● Task details
Your copy should contain exactly the lines from the start of the listing through the line that holds "[Alvisto] 理学療法士推奨 スリッパ", and no pictures.

● Supplied data
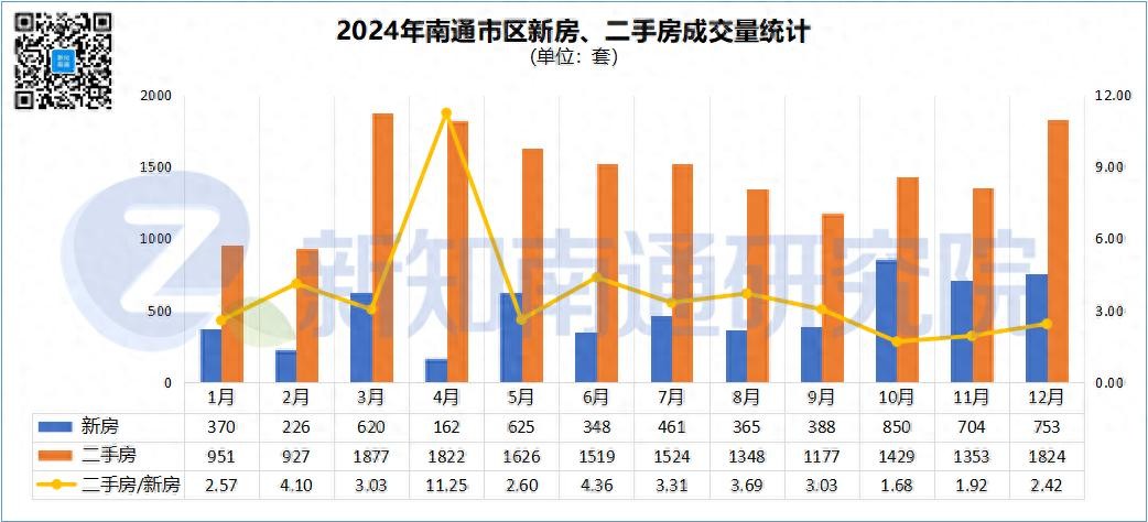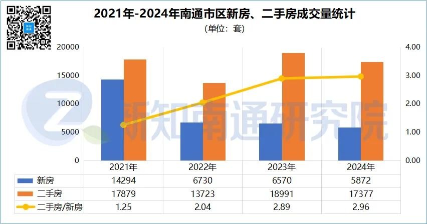 南通二手房和新房成交量“倒挂”的现象正在加剧。数据显示,2024年南通市区(不含通州区、海门区)新房成交5872套,二手房成交17377套,二手房成交量约为新房的3倍。具体单月来看,2024年有7个月二手房/新房成交量比值超过了3.0,甚至在4月份这一比值达到了惊人的11.25。
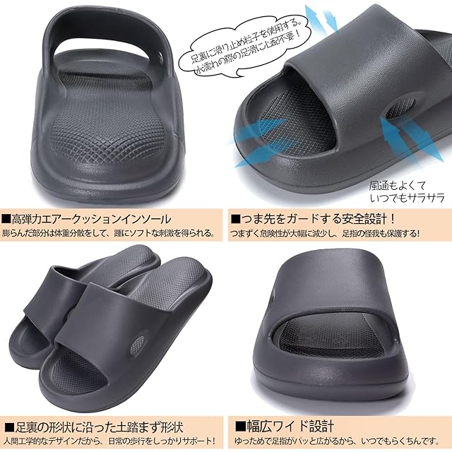 [Alvisto] 理学療法士推奨 スリッパ 室内 サンダル 4cm超厚底 エアースリッパ ルームシューズ レディース メンズ ベランダ バス トイレ 超軽量 静音防滑 柔らか 抗菌防臭 EVA air slippers ダークグレー 25.0-26.0cm
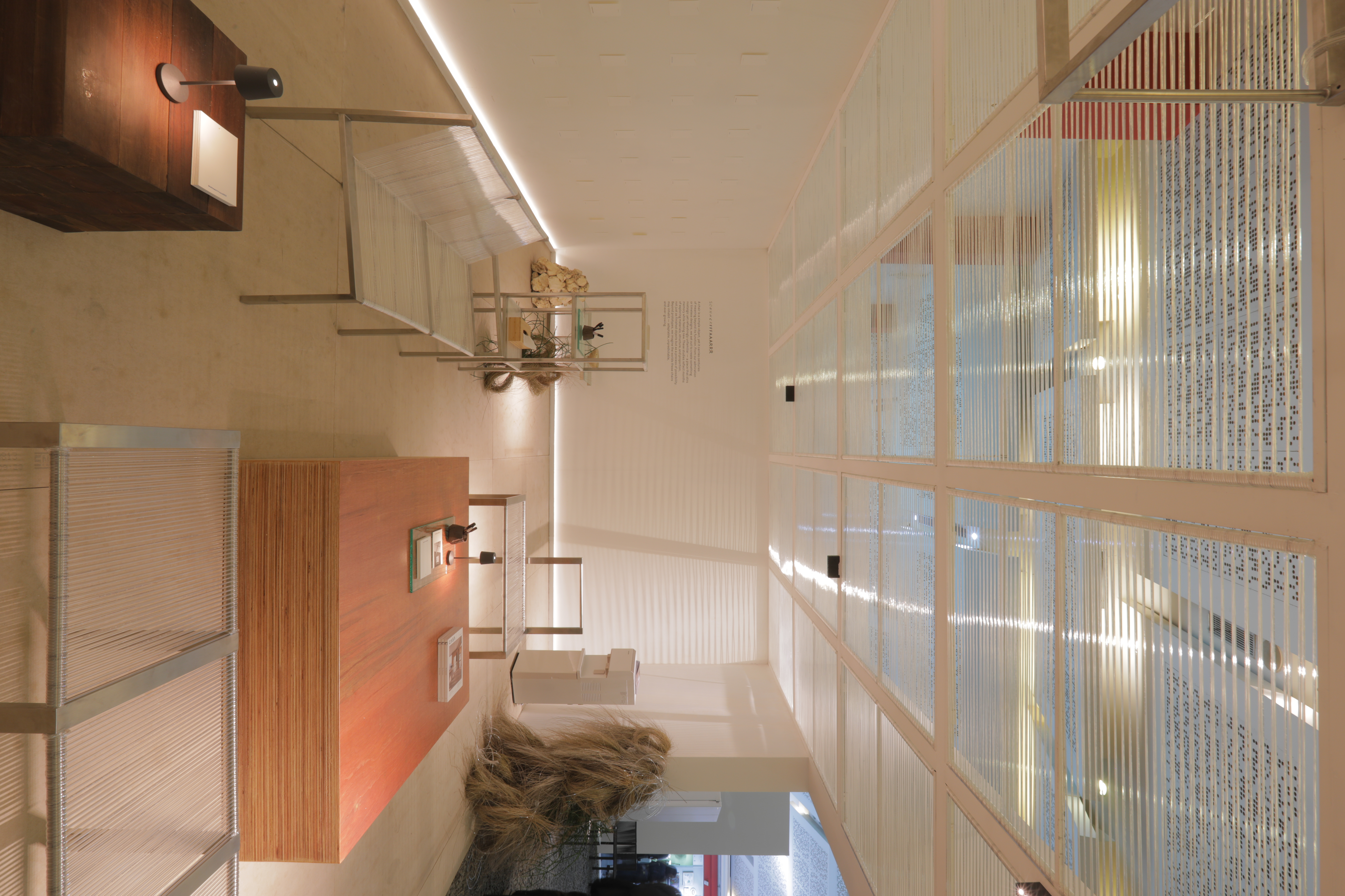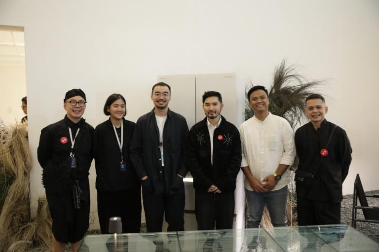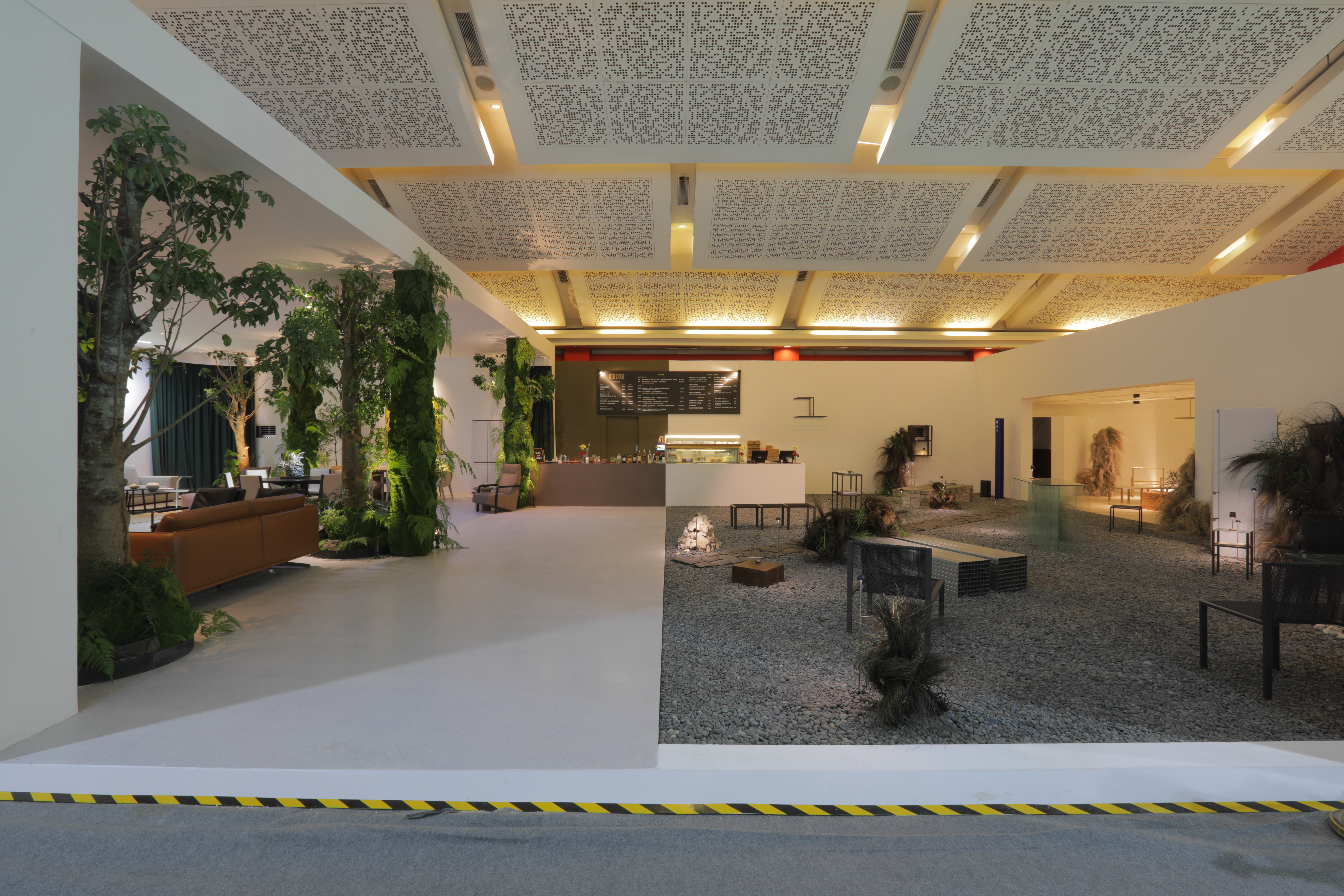 Marcello Decaran dari KIAT Architects menghadirkan transisi halus antara ruang dalam dan luar. Kehadiran tanaman hijau yang rimbun, kolom berlapis lumut, serta tirai menyerupai hutan menciptakan suasana taman hidup. Sebuah “matahari palsu” memandikan ruangan dengan cahaya siang, sementara karya dua nada dari Atreyu Moniaga menegaskan permainan antara alam dan artifisial. Dirancang bersama Melyna dari tim KIAT, Satya dari Larch Studio, Silikal, Laflo, Artisan Rugs, Idefab, dan Class International, lounge ini mengundang pengunjung untuk berhenti sejenak, merenung, dan berinteraksi.

● Solution below
 南通二手房和新房成交量“倒挂”的现象正在加剧。数据显示,2024年南通市区(不含通州区、海门区)新房成交5872套,二手房成交17377套,二手房成交量约为新房的3倍。具体单月来看,2024年有7个月二手房/新房成交量比值超过了3.0,甚至在4月份这一比值达到了惊人的11.25。
 [Alvisto] 理学療法士推奨 スリッパ 室内 サンダル 4cm超厚底 エアースリッパ ルームシューズ レディース メンズ ベランダ バス トイレ 超軽量 静音防滑 柔らか 抗菌防臭 EVA air slippers ダークグレー 25.0-26.0cm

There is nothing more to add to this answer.